_Exercise inputs_
___

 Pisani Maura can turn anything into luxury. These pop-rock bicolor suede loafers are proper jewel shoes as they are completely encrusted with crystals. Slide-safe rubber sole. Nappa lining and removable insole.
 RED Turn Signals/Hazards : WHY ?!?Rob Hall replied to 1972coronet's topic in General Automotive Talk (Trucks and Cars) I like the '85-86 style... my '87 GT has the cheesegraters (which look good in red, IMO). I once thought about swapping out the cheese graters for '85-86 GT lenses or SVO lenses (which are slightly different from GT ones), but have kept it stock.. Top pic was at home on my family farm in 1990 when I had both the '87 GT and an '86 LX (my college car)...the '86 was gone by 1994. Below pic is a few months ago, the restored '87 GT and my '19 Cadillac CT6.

___

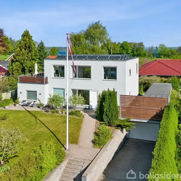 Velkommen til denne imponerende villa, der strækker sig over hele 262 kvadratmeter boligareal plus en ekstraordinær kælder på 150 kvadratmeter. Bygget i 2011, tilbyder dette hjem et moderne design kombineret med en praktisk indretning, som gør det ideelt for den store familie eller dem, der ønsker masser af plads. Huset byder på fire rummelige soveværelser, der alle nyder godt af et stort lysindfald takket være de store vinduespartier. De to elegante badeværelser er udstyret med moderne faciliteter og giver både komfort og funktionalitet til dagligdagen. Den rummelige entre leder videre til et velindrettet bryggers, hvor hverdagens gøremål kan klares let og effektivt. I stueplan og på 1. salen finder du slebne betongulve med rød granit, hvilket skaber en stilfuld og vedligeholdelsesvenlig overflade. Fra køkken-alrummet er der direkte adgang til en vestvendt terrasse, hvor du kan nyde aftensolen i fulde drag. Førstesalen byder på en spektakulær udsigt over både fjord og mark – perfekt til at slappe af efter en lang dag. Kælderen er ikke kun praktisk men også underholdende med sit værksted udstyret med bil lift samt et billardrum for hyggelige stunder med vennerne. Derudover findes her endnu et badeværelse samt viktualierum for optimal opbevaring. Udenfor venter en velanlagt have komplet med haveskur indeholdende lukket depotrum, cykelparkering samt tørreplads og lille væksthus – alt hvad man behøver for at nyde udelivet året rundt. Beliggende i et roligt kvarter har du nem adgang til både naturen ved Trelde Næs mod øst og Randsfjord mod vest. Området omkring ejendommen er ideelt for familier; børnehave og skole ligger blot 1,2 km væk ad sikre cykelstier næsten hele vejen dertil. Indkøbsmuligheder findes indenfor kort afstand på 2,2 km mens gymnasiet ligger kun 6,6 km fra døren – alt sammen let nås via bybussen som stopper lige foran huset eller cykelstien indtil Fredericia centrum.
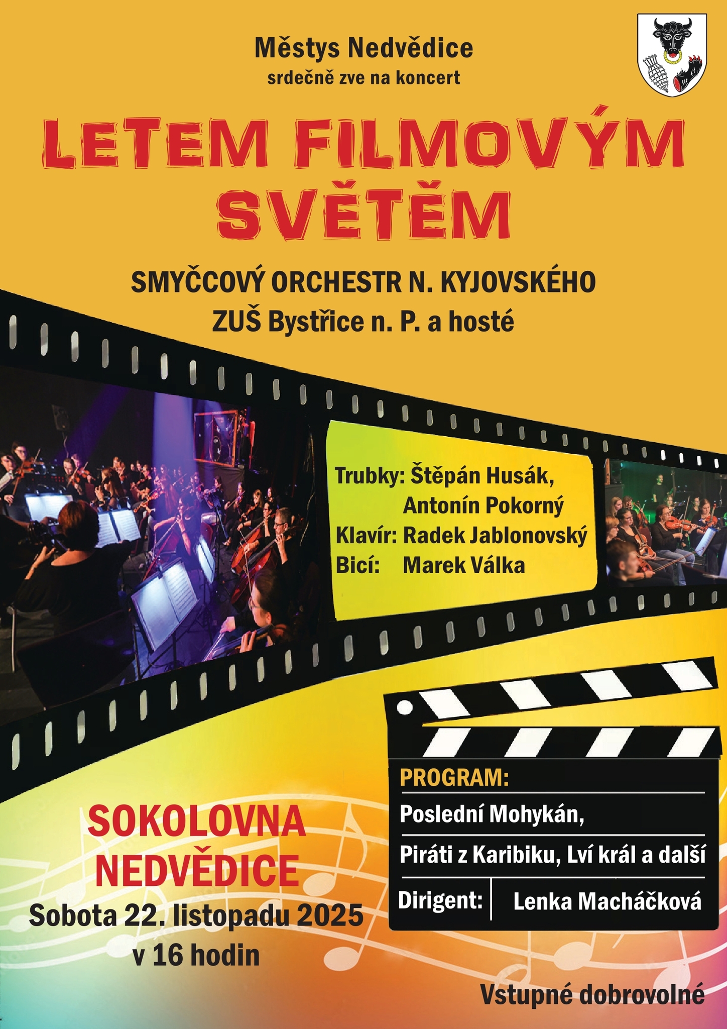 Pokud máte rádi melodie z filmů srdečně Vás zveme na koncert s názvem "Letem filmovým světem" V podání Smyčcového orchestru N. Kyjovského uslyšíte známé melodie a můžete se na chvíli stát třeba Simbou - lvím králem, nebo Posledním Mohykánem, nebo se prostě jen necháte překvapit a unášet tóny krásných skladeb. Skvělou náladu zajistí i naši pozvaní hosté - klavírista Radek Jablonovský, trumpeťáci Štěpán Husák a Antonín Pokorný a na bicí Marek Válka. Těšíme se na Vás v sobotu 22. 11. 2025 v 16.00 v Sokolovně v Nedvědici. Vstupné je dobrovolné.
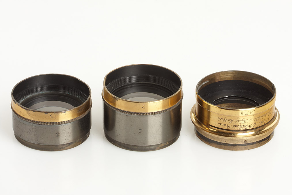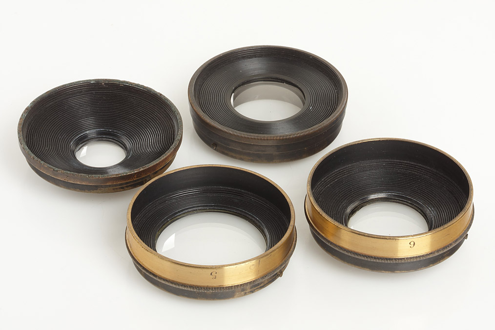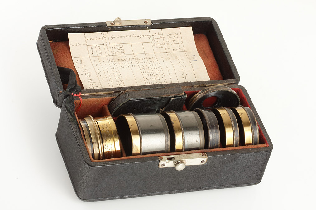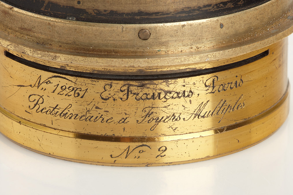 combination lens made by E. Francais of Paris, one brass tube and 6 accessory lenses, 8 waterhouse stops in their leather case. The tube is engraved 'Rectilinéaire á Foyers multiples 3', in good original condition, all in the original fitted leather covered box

___

_Exercise aim_
Retype word for word everything in the listing above from the line that holds "Pisani Maura can" down to the line that holds "RED Turn Signals/Hazards". Keep both end lines and leave out the rest.

_Final answer_
 Pisani Maura can turn anything into luxury. These pop-rock bicolor suede loafers are proper jewel shoes as they are completely encrusted with crystals. Slide-safe rubber sole. Nappa lining and removable insole.
 RED Turn Signals/Hazards : WHY ?!?Rob Hall replied to 1972coronet's topic in General Automotive Talk (Trucks and Cars) I like the '85-86 style... my '87 GT has the cheesegraters (which look good in red, IMO). I once thought about swapping out the cheese graters for '85-86 GT lenses or SVO lenses (which are slightly different from GT ones), but have kept it stock.. Top pic was at home on my family farm in 1990 when I had both the '87 GT and an '86 LX (my college car)...the '86 was gone by 1994. Below pic is a few months ago, the restored '87 GT and my '19 Cadillac CT6.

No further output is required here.